Fortunately, parts of the AI research community have begun calling for AI developers and researchers to look to the example of measurement approaches employed in the social sciences. While these approaches are not perfect, they do grapple more explicitly with whether measurements truly capture relevant information than similar efforts in the realm of AI systems.
Although some measurement techniques in the social sciences are complex, spotting common sense gaps can be straightforward. For example, developers often evaluate AI systems by seeing how well they can perform particular tasks using what is known as a “benchmark” dataset. For example, a benchmark dataset might contain questions with multiple-choice answers.

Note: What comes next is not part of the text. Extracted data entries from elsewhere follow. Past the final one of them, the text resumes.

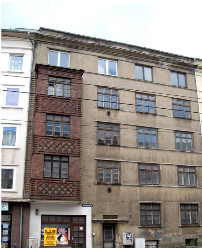
Wismarsche Straße 198

Ein Verkauf der Grundstücke bedarf der Beschlussfassung durch das zuständige städtische Gremium der Landeshauptstadt Schwerin. Die Landeshauptstadt Schwerin behält sich vor, von einem Verkauf der Grundstücke abzusehen, zu Nachgeboten aufzufordern oder die Grundstücke erneut anzubieten. Diese und weitere Grundstücksangebote der Landeshauptstadt Schwerin finden Sie auch unter www.schwerin.de unter Bürgersevice/Bauen & Wohnen/Immobilien.
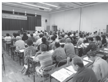
山家コミュニティ運営協議会総会

地域コミュニティ基本計画を策定するとともに、各コミュニティセンターに事務支援職員を配置します。
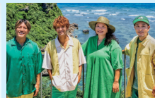
世界自然遺産大使 HY
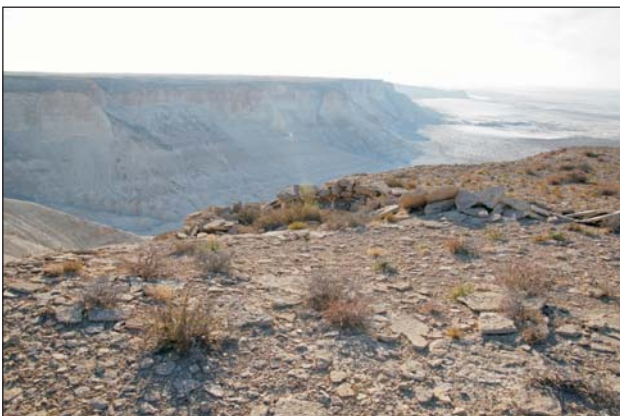
Рис. 4. Место обитания Spalerosophis diadema. Западный чинк Уstyурта 10.10.2016 г. (точка 5 на рис. 1).
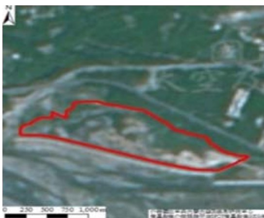
(d)民國 91 年填土及水域形成
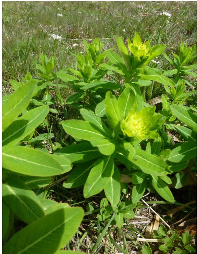
ノウルシ(準絶滅危惧)
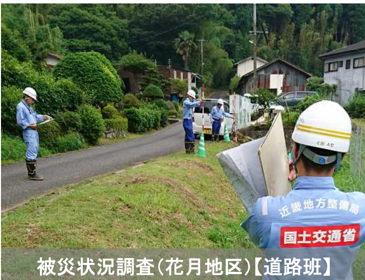
被災状況調査(花月地区)【道路班】
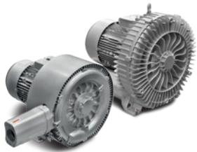
COMPRESSORI - ASPIRATORI A CANALE LATERALE SIDE CHANNEL BLOWERS
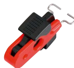
Pour disjoncteur muni de points de consignation sur la partie extérieure du maneton.
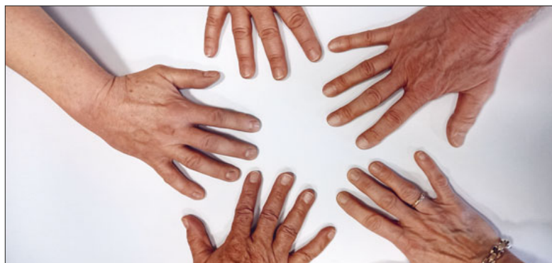
Viele Hände, die bewegen.

«Reisende kann man nicht aufhalten», sagt ein Sprichwort. Der Ruf zur Veränderung kann von aussen oder von innen kommen. Es ist ein Glück, wenn man dem inneren Kompass folgen darf.
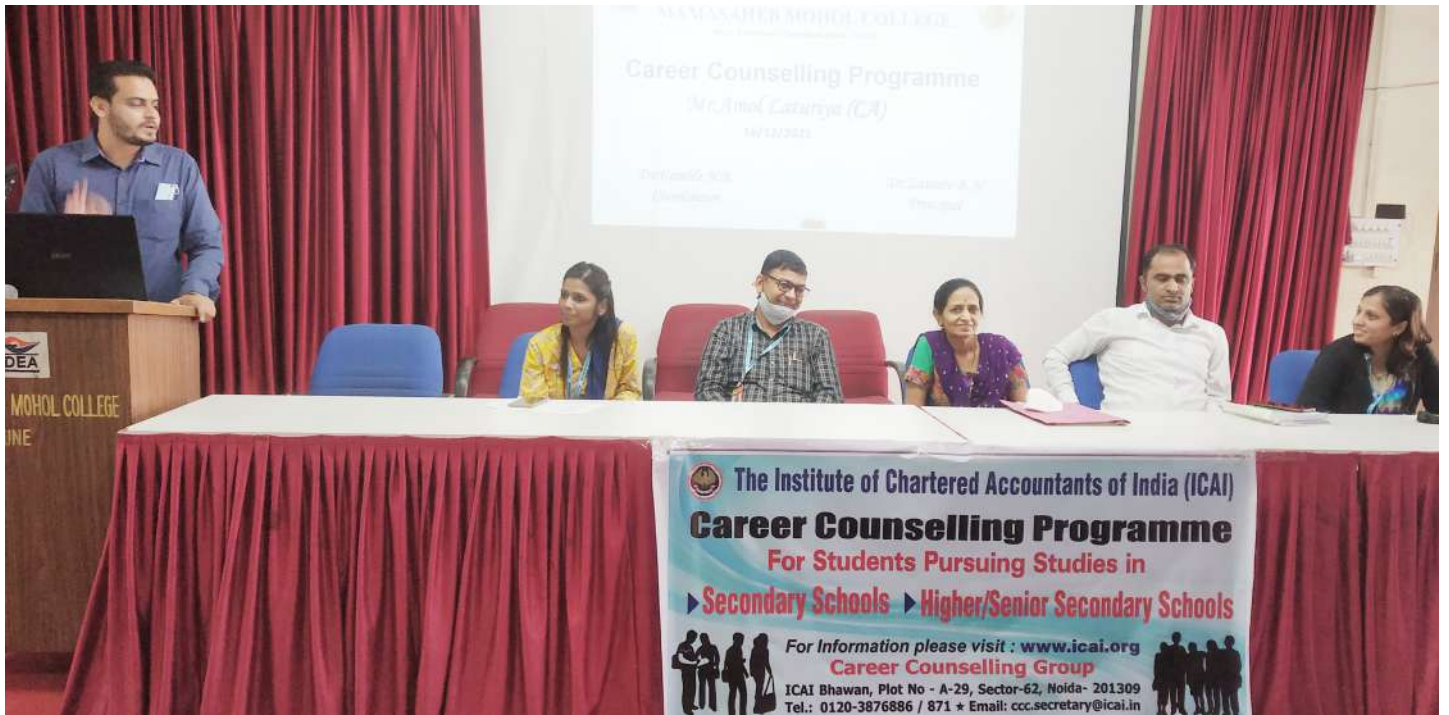
Career Counselling Program organised by ICAI

Using this benchmark, developers may evaluate an AI system based on how often it identifies the correct answer from the choices. To have confidence that a benchmark dataset is truly able to measure a model’s underlying capability, we would expect the AI’s performance to remain relatively static even if question formats are slightly altered, such as by shuffling the choice order. Unfortunately, many language models show notably different performance in response to minor changes in prompts, which suggests that these sorts of capabilities assessments are not reliable.
When it comes to validity, we expect measures of the same or similar constructs to be more associated than measures of very different constructs. For example, researchers may aim to assess how well models perform on mathematical reasoning using several benchmark datasets. For a measurement to be valid, we would expect a model to perform similarly across these datasets. If the model shows very different performance, this could indicate fault with the measures themselves or how the construct of mathematical reasoning was initially conceptualized. By assessing validity, developers can gain insight into how models or measurements have gone awry. This information can help them diagnose and solve problems.
Reliable and valid evaluation and testing are the linchpin of myriad other policy goals, not least those the U.S. AI Safety Institute has been tasked with advancing. As policymakers and practitioners delve into the challenges of ensuring that AI is deployed responsibly and safely, developers and researchers must prioritize rigorous evaluation methods to inform these efforts. Without them, the policy interventions many hope will mitigate AI risks could end up sitting on shaky ground.